Over 500 women are believed to have come from Western countries. Thirty to 40 Australian women are known to be either engaging in or supporting terrorist activity in Syria, Iraq and here in Australia.

This defies logic given we know the attitude of Daesh towards women. If the killings and executions are not enough, Daesh has published instructions on the treatment of sexual slaves, which includes raping and beating women. Even children are not immune, with instructions encouraging sexual assault on girls who have not yet reached puberty.

Young women are joining Daesh, yet they are being exploited in the most appalling way. They are being used by men who know nothing but hate, used as sexual slaves, manipulated for propaganda and recruitment purposes and in some cases ending their lives as suicide bombers. Many are being radicalised online, seduced by slick exploitation of social media to spread Daesh's depraved narrative.

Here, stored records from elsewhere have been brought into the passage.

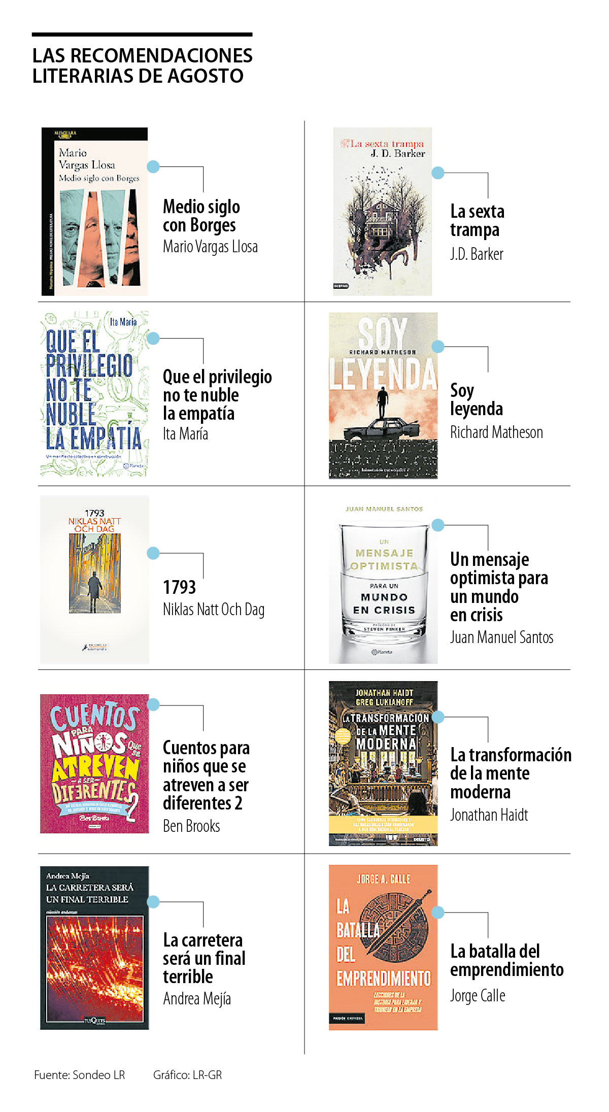 En la lista las editoriales destacaron los lanzamientos de Mario Vargas Llosa, Juan Manuel Santos y Richard Matheson. Primero, el escritor peruano y premio Nobel de literatura Mario Vargas Llosa publicó ‘Medio siglo con Borges’ de la mano de la editorial Alfaguara. El autor describe el texto como “«una colección de artículos, conferencias, reseñas y notas de testimonio de más de medio siglo de lecturas de un autor que ha sido para mí, desde que leí sus primeros cuentos y ensayos en los años cincuenta, una fuente inagotable de placer intelectual”.
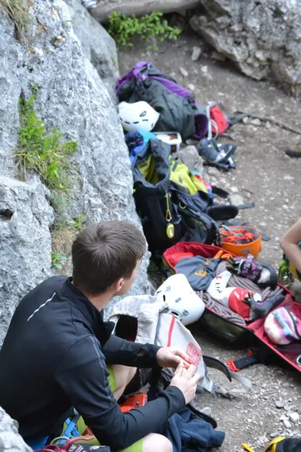 Sobotní lezení jsme zahájili v sektoru V - Großer Zinnenkessel a pozvolna pokračovali do sektoru U - Große Zinne a T - Kleine Zinne. Nedělní lezení jsme si vychutnávali v sektorech M - Vegetarierwand a N - Cimone. Pustili jsme se do cest různých obtížností, cca od čtyřek do osmiček, každý dle svých sil, často s myšlenkami na výroční oddílové kastování. Dětem se dařilo, takže směle spřádali teorie, jakou že kastu si budou hlásit. Jen D'artagnanův táta považoval kastování za hodno zrušení. Obává se nejspíše, že synek bude rád a často využívat práva na balení lana nižší kastou... Uvidíme.
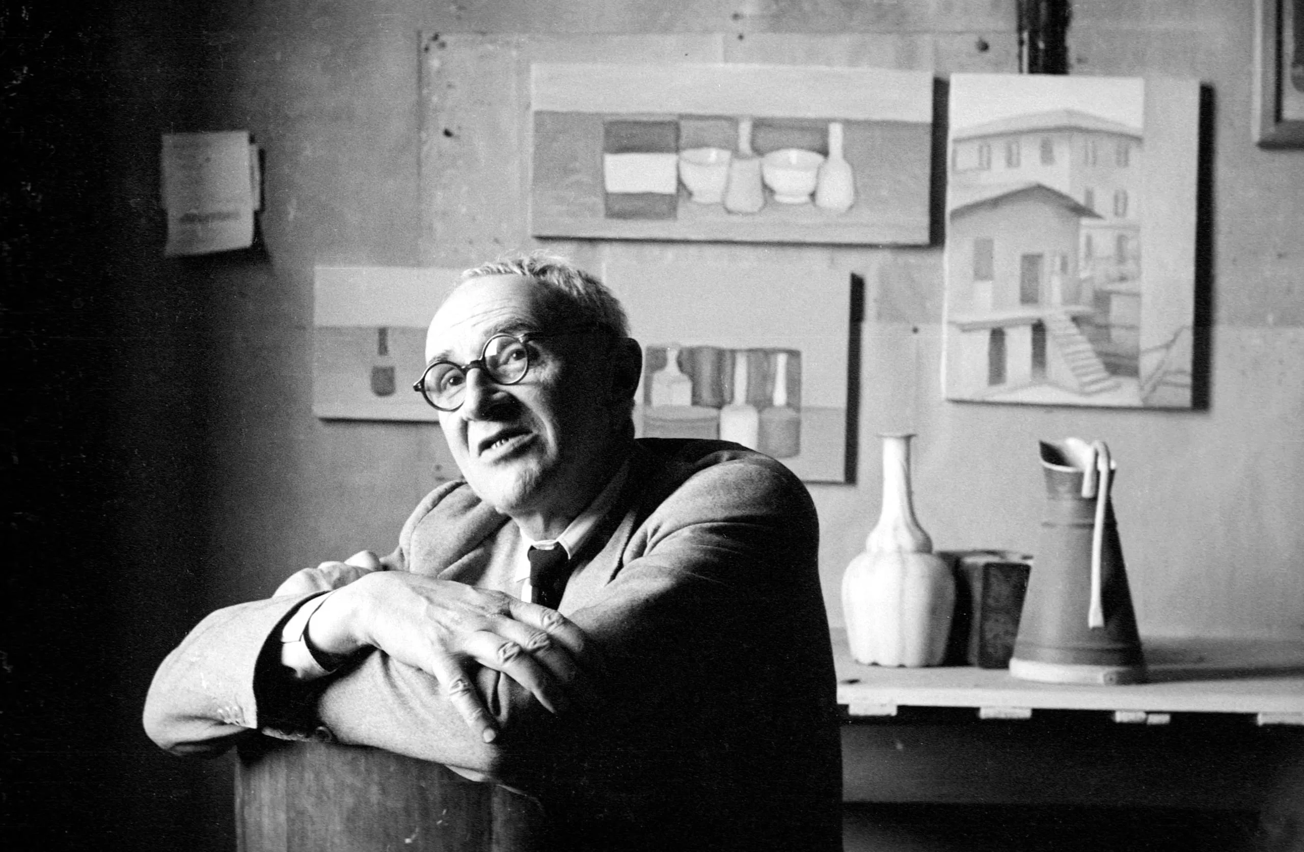 Black and white photograph of a white man in glasses and a blazer leaning on a chair back, mouth open, with paintings and ceramic vessels visible behind him
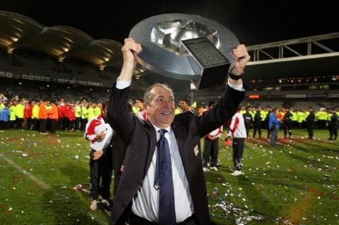 | Gérard Houllier brandit le trophée de champion de France remporté avec Lyon le 27 mai 2007 au stade Gerland de Lyon. |
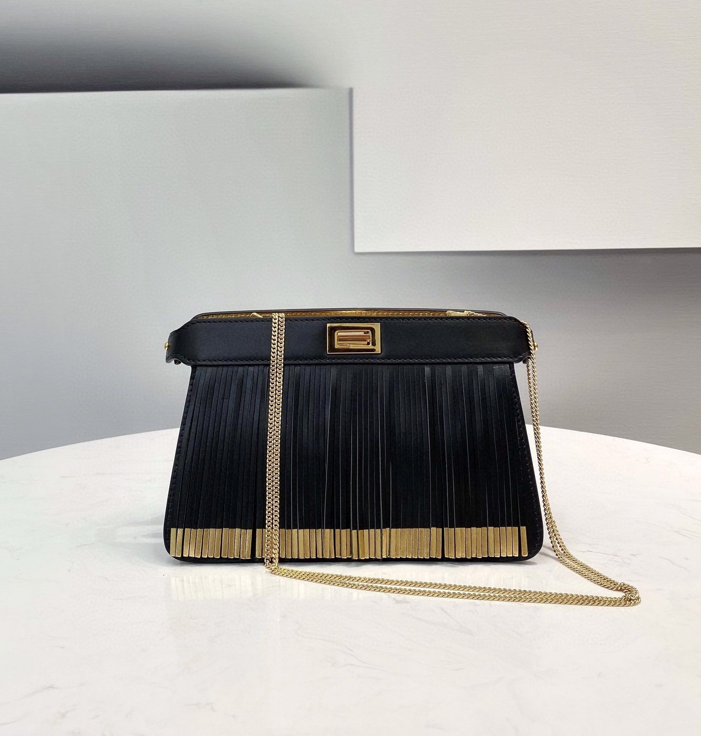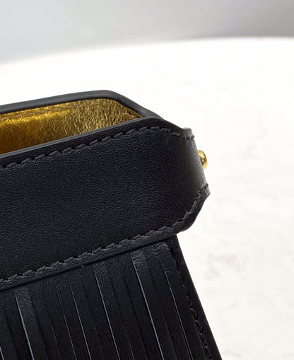 Iconic Peekaboo ISeeU small bag made from black leather, finished with long leather fringes with a gold laminated bottom. Decorated with iconic twist lock on both sides.
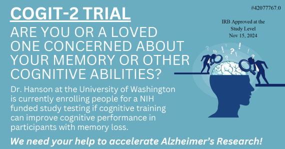 We are currently looking for volunteers to participate in a study run by Dr. Angela Hanson at the University of Washington: The COGIT-2 Trial. COGIT-2 is a research study looking at whether crosswords puzzles training and health education can improve cognitive performance in participants with memory concerns. | |
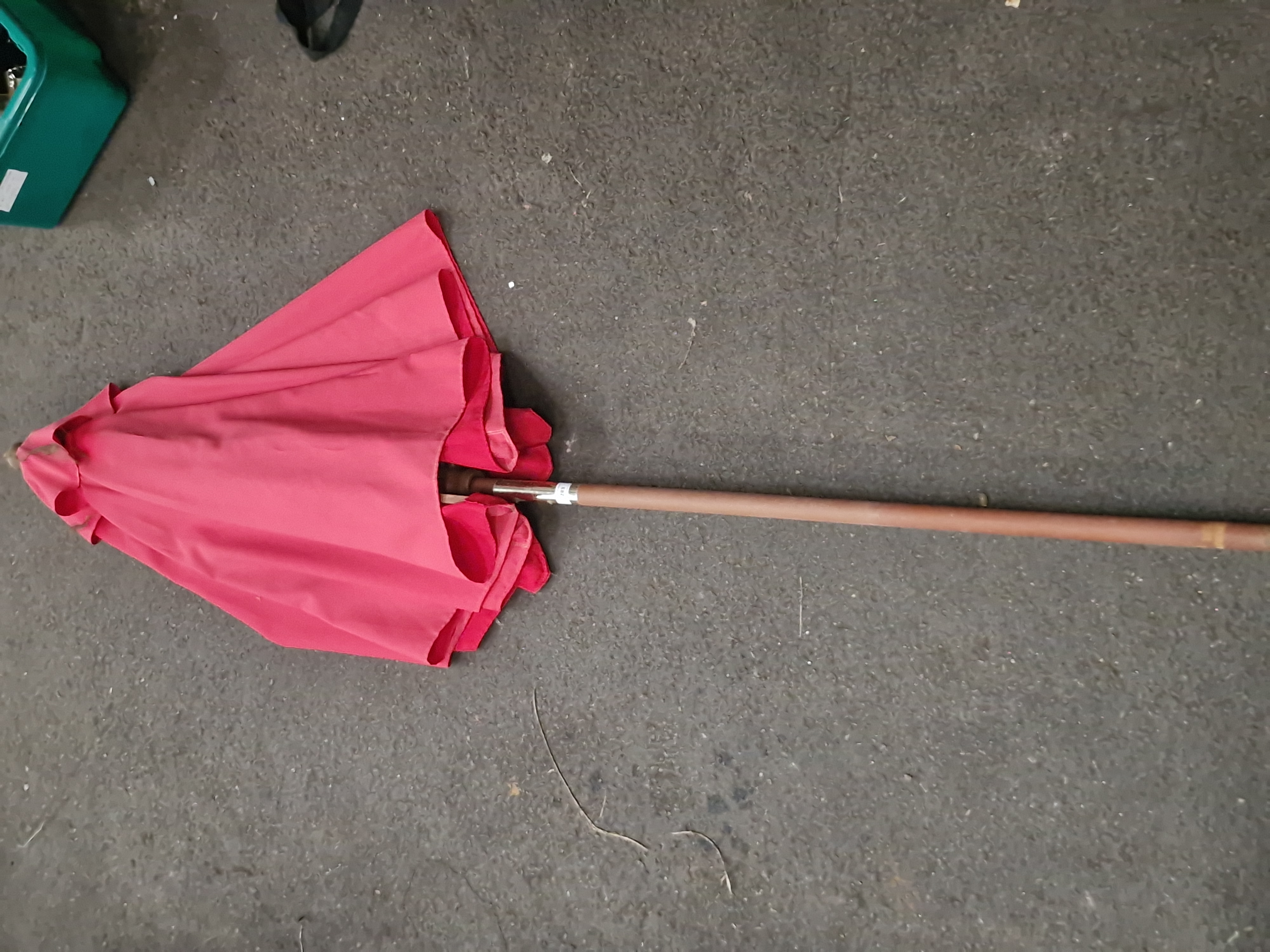 Lot 283: A fuchsia pink garden parasol with wooden pole
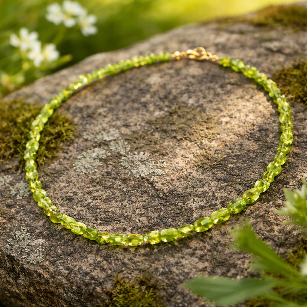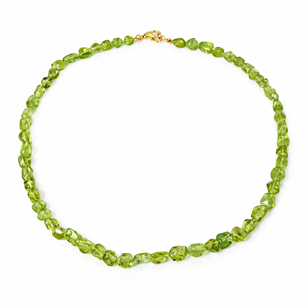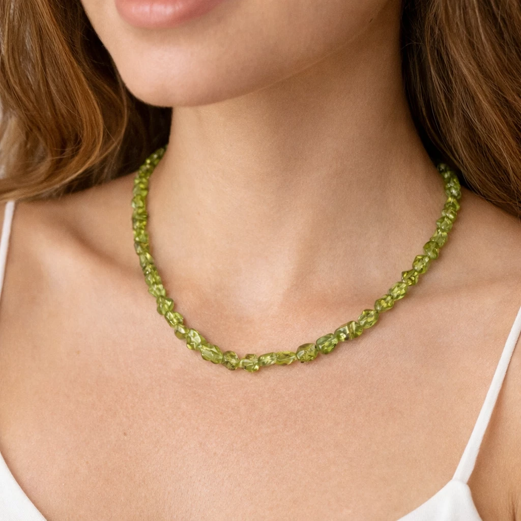 Náhrdelník z olivínu Peridotia je vytvořen z krásných kamenů pravého olivínu, které vynikají svěží zelenou barvou a přirozeným leskem.
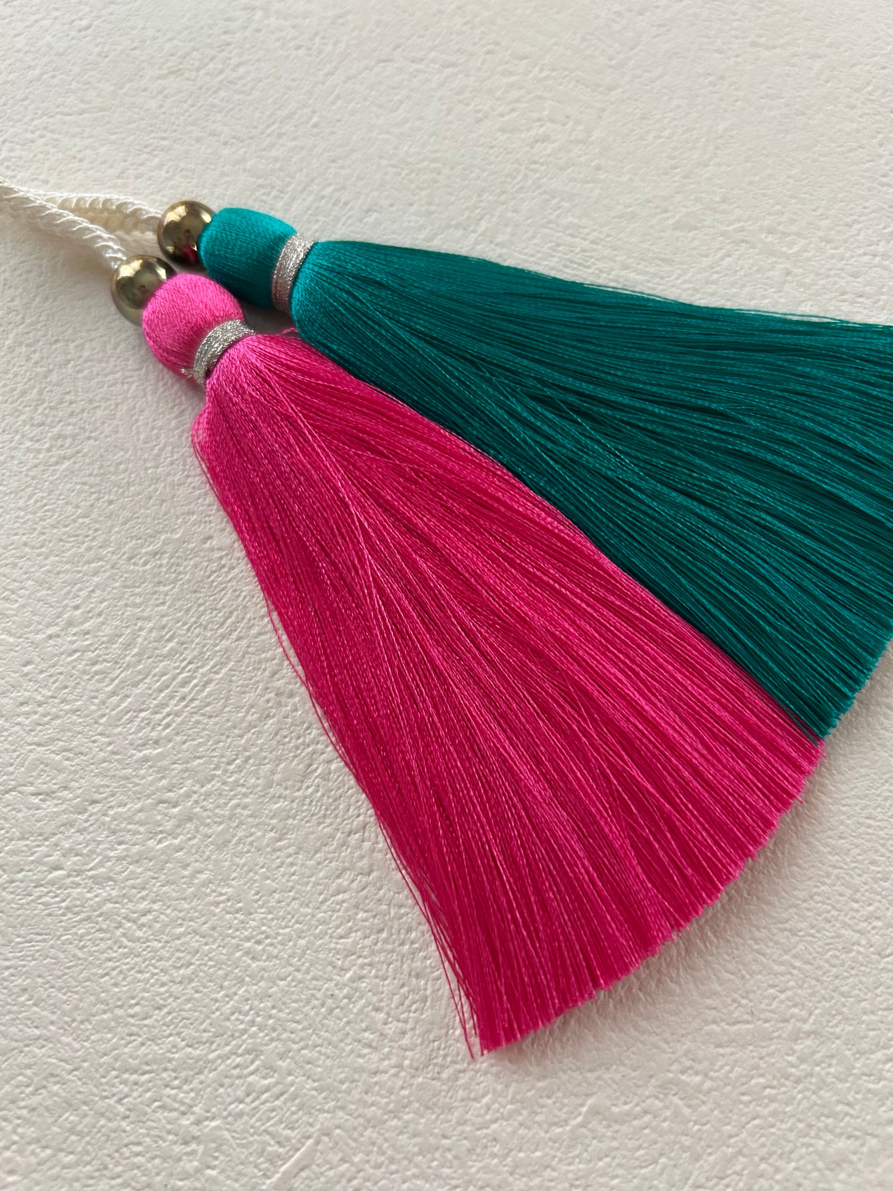 艶やで鮮やかなお色の糸、シンプルで美しいタッセルです。
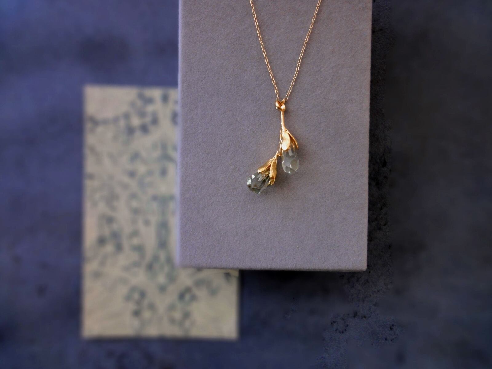 ■デザイン■ つぼみ2輪×天然石 グリーンアメジスト

The coalition government is committed to countering the propaganda that terrorist groups are spreading online, but family and friends are likely to be the first to see changes in young people who are radicalising. Family and friends need to reach out to young people at risk before it is too late. The government will work with them. Through a range of community programs the government is taking firm steps to combat the radicalisation of young Australians, including women and girls, to keep this country safe from terrorism.